Ich starre ihn einen Moment lang an. „Ja.“ Mein Kopf wendet sich unzureichend ab. Es ist einfach zu seltsam, dass er hier ist. Ich kenne nicht einmal seinen Nachnamen. Was soll ich sagen?
Dann bemerke ich seine Sporttasche neben ihm, was mir eine gute Idee für Smalltalk gibt, um die Situation weniger unangenehm zu machen. „Spielst du einen Sport?“ Mein Finger zeichnet einen Kreis ins Gras.
„Fußball.“ Er antwortet, während er weiterhin ruhig den Sonnenuntergang beobachtet. „Es ist mein zweites Jahr hier.“
Ich seufze und schüttle den Kopf. Er ist also ein Fußballspieler hier.
„Was?“ fragt er, nachdem er meinen Gesichtsausdruck bemerkt hat, und mustert mich neugierig.
„Nichts.“ antworte ich leise, um mir auf die Zunge zu beißen. Ich möchte lieber nichts anfangen.
Ich weiß nicht, warum er versucht, sich mit mir anzufreunden. Er ist ein Sportler. Ich weiß, wie das endet. Fazit: Er ist ein kompletter Idiot.
„Was ist?“ fragt er erneut und richtet sich auf, als er mich herausfordert.
Ich verdrehe die Augen. „Du. Jungs wie du reden nicht oft mit Mädchen wie mir.“ Außerdem sollte er doch bei den coolen Kids sein, oder? Ich bin definitiv nicht eine von ihnen.
Ich war nie ein „cooles Kind“, aber ich war auch nie schüchtern. Jeder kannte meinen Namen. Es gab unbekannte Schüler, die mich auf den Fluren grüßten, und Schüler, die gerne im Unterricht mit mir sprachen. Trotzdem betrachte ich mich nicht als eines der „coolen Kids“, weil ich nie Teil der Clique war. Ich zog es vor, jeden Tag mit vielleicht vier oder fünf Leuten abzuhängen. Ich habe nie gefeiert, keine Drogen genommen oder mich dem Trend des Monats angeschlossen. Ich war von all dem getrennt. Ich war nicht cool, aber ich war auch nicht langweilig.

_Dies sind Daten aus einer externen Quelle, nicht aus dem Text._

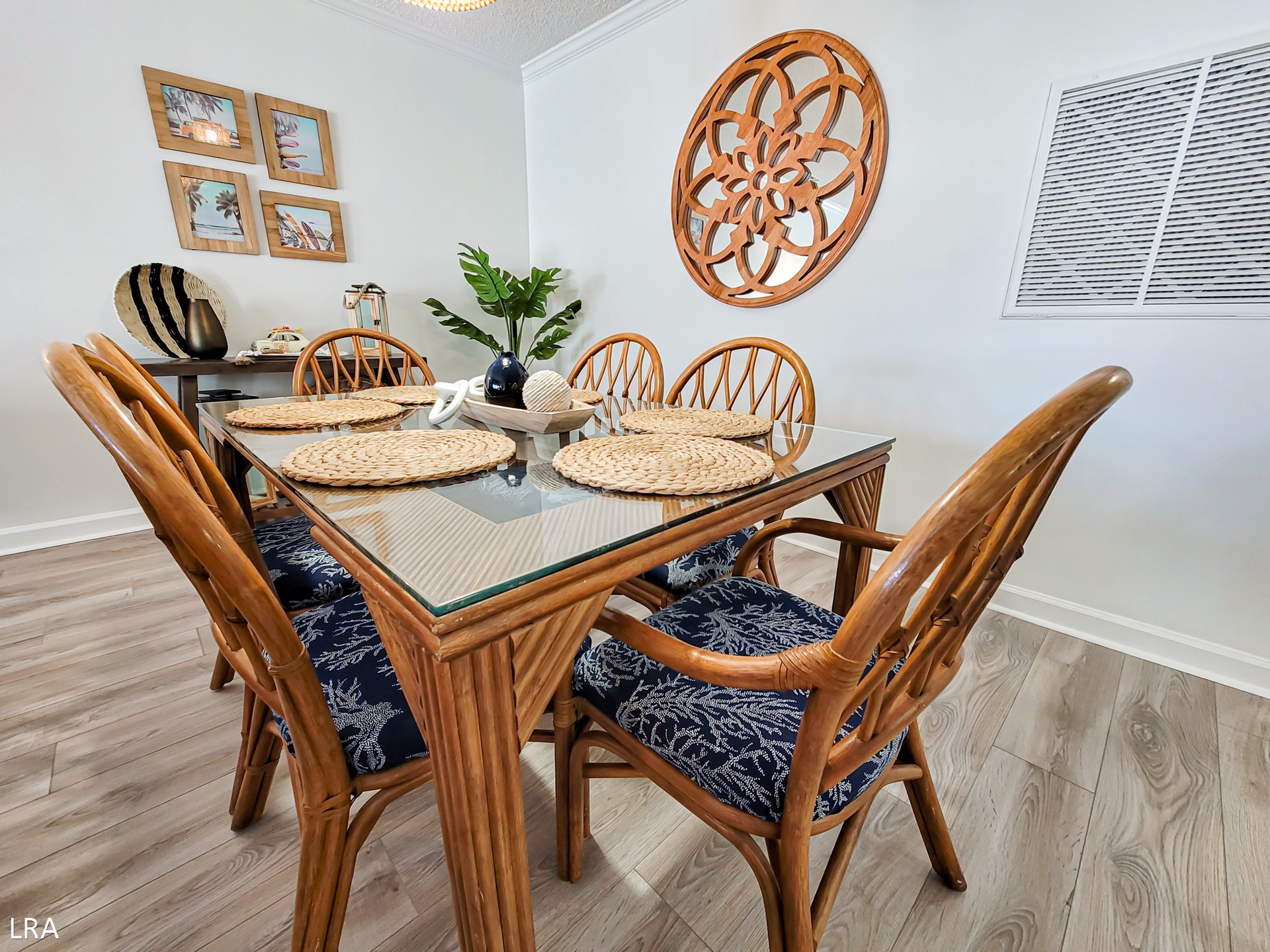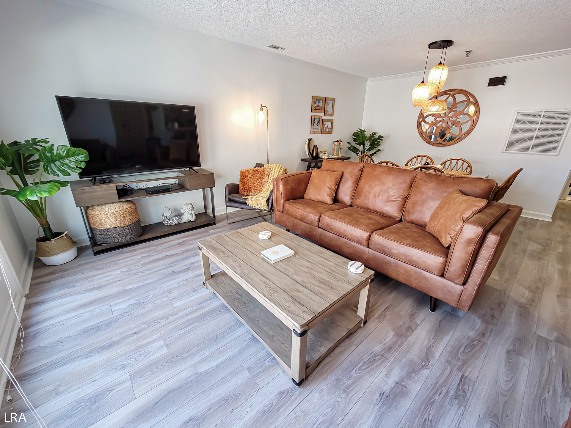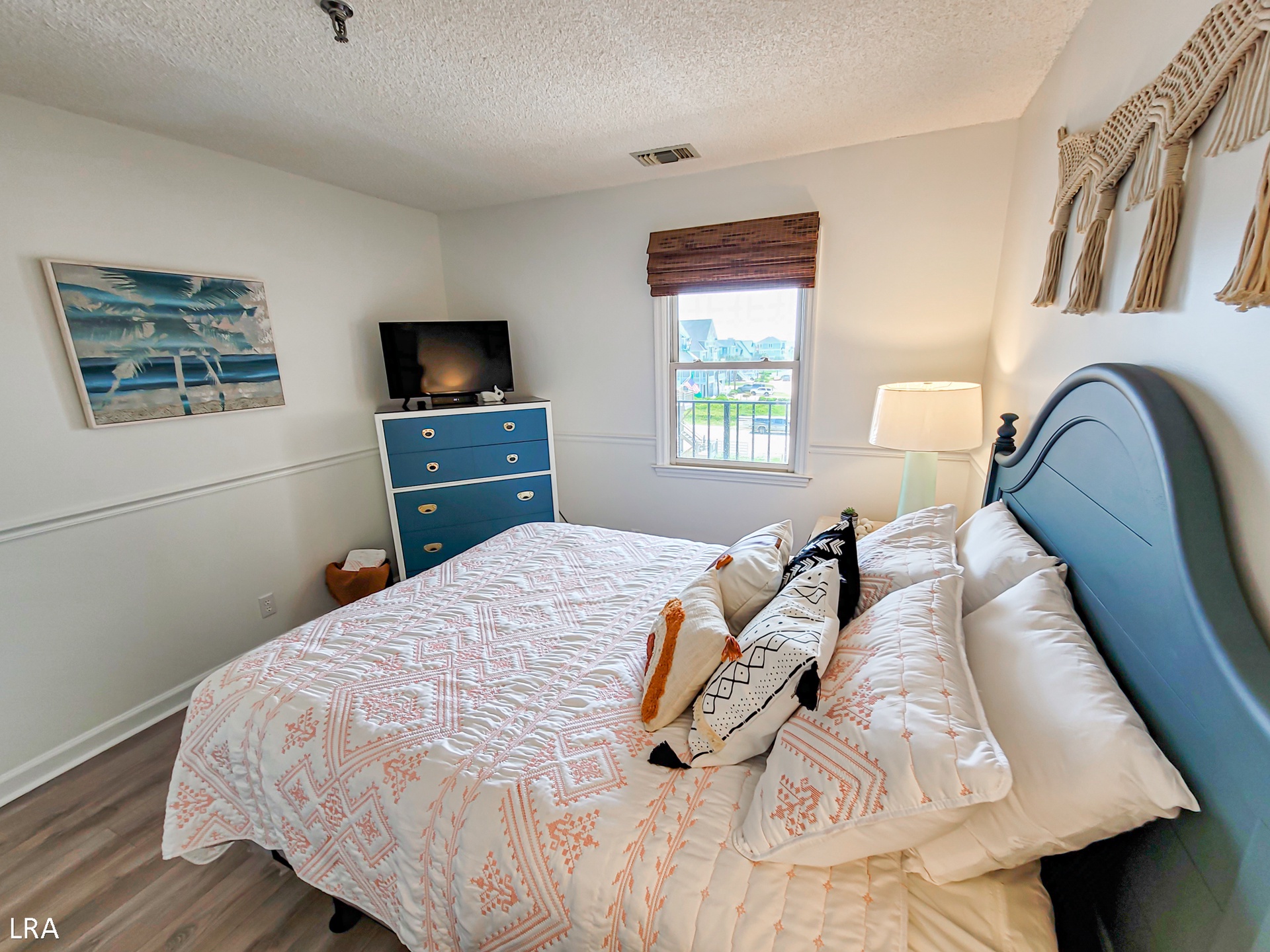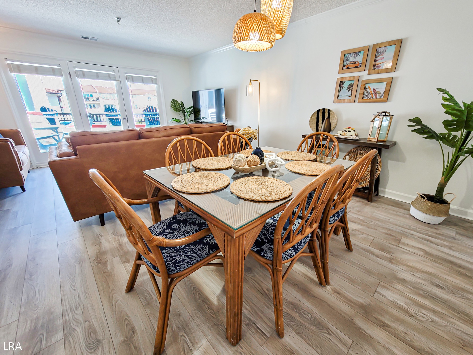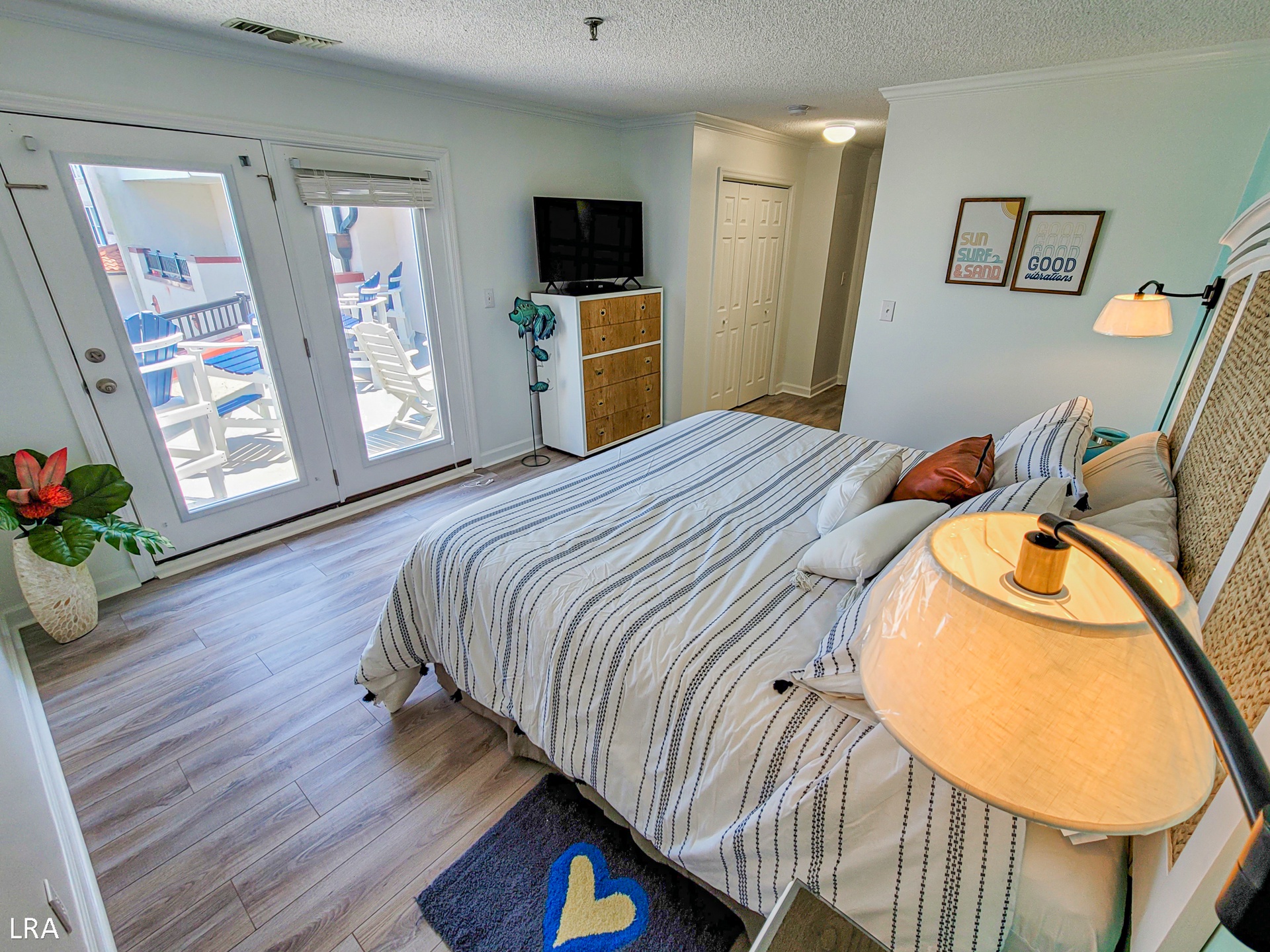 When you first arrive at the unit, use your Keyless Access code to get your vacation started! You are greeted by a foyer area that leads you to the kitchen, living room, and Master Bedroom. The spacious living area offers comfortable seating arrangements so that your group can gather together after a long day on the beach to watch a movie or catch up on your favorite shows. The large Flat Screen TV Smart offers cable service and access to streaming apps. Step out on the private deck where you can enjoy a stunning view of the courtyard and the Atlantic Ocean. Whip up amazing meals for your family in the stunning modern kitchen, which is equipped with stainless steel appliances, wooden cabinetry, a Farmhouse sink, and all of your basic cooking needs. A full-sized stackable washer and dryer are tucked away in a closet off the kitchen for your convenience. The dining area offers a large glass-top table with 6 chairs and 4 stools at the kitchen bar so everyone can enjoy their meals together.

"Jungs wie ich?" Er lacht, während er auf seine Brust zeigt, als hätte ich ihn beleidigt.
"Ja. Du weißt schon, Sportler." Ich schüttle missbilligend den Kopf.
"Erstens, ich bin kein Sportler. Ich bin nicht wie diese anderen Idioten." Er verengt die Augen. "Lass uns nicht mit Klischees spielen."
Ich schaue zu ihm auf und lasse ihn weitersprechen.
"Und zweitens, ich bezweifle, dass alle Sportler dich in der Schule ignoriert haben." Er neigt den Kopf zur Seite und lächelt, als würde er mich beschuldigen, eine Art Leckerbissen für die Jungs zu sein.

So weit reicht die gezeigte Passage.